# Tree-based Algorithms:

Tree-based algorithm as the name suggests it is a flow like a tree structure that works on the principle of conditions. It is a non-parametric supervised learning method used for **classification and regression problems**:

- A classification problem tries to classify unknown elements
into a class or category; the outputs are always categorical variables (i.e. yes/no, up/down, red/blue/yellow, etc.)

- A regression problem tries to forecast a number such as the return for the next day

# Decision Trees:

The decision tree looks like a vague upside-down tree with a decision rule at the root, from which subsequent decision rules spread out below. For example, a decision rule can be whether a person exercises. There can also be nodes without any decision rules; these are called leaf nodes.

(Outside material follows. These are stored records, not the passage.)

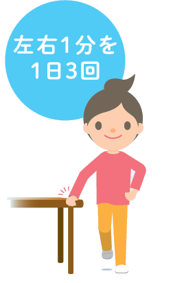 ① 片脚立ち:左右1分間1日3回行います。机などを持っても構いません。転倒には十分に注意しましょう。
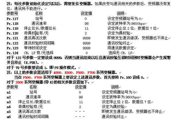 PLC和变频器之间进行通讯,通讯规格必须在变频器的初始化中设定,如果没有进行初始设定或有一个错误的设定,数据将不能进行传输。
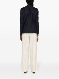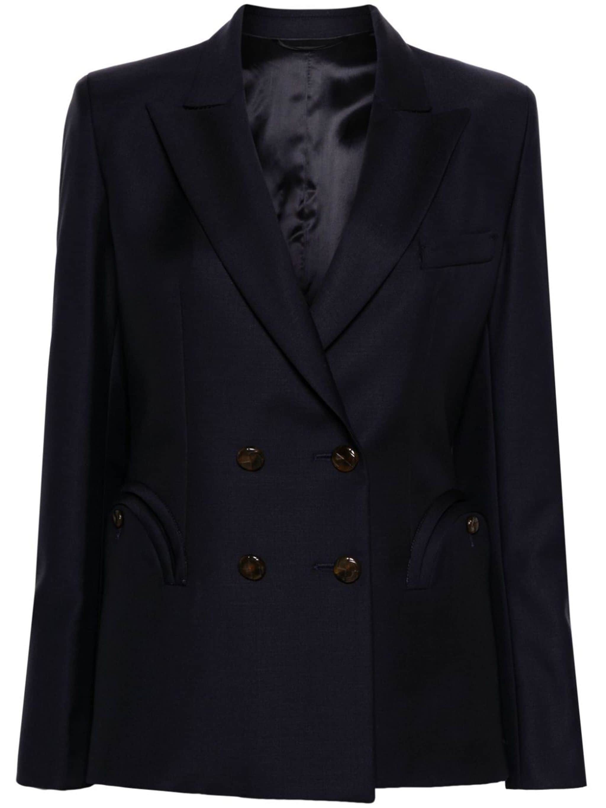 navy blue virgin wool-mohair blend crepe texture dart detailing peak lapels shoulder pads double-breasted button fastening long sleeves buttoned cuffs two curved pouch pockets chest welt pocket internal slip pocket straight hem full lining Size & Fit Model Measurements: Height: 1.8 m Bust/Chest: 87.0 cm Hips: 91.0 cm Waist: 63.0 cm Model wears size I Fabric and Care Designer Style ID: CHD03ESSE067 Designer Colour: 0002 NAVY Composition: Outer: Mohair 29%, Virgin wool 71%; Lining: Viscose 100% Washing instructions: Dry Clean Only Made in Italy

- Decision trees create a tree-like structure by computing the relationship between independent features and a target. This is done by making use of functions that are based on comparison operators on the independent features."
- A decision tree classification is to predict a categorical output
- A decision tree regression is to predict a numerical output

### Key Terminology:
 
> Branches - Division of the whole tree is called branches.
>
> Root Node - Represent the whole sample that is further divided.
>
> Splitting - Division of nodes is called splitting.
>
> Terminal Node - Node that does not split further is called a terminal node.
>
>Decision Node -  It is a node that also gets further divided into different sub-nodes being a sub node. 
>
> Pruning - Removal of less important subnodes from a decision node.
>
> Parent and Child Node - When a node gets divided further then that node is termed as parent node whereas the divided nodes or the sub-nodes are termed as a child node of the parent node.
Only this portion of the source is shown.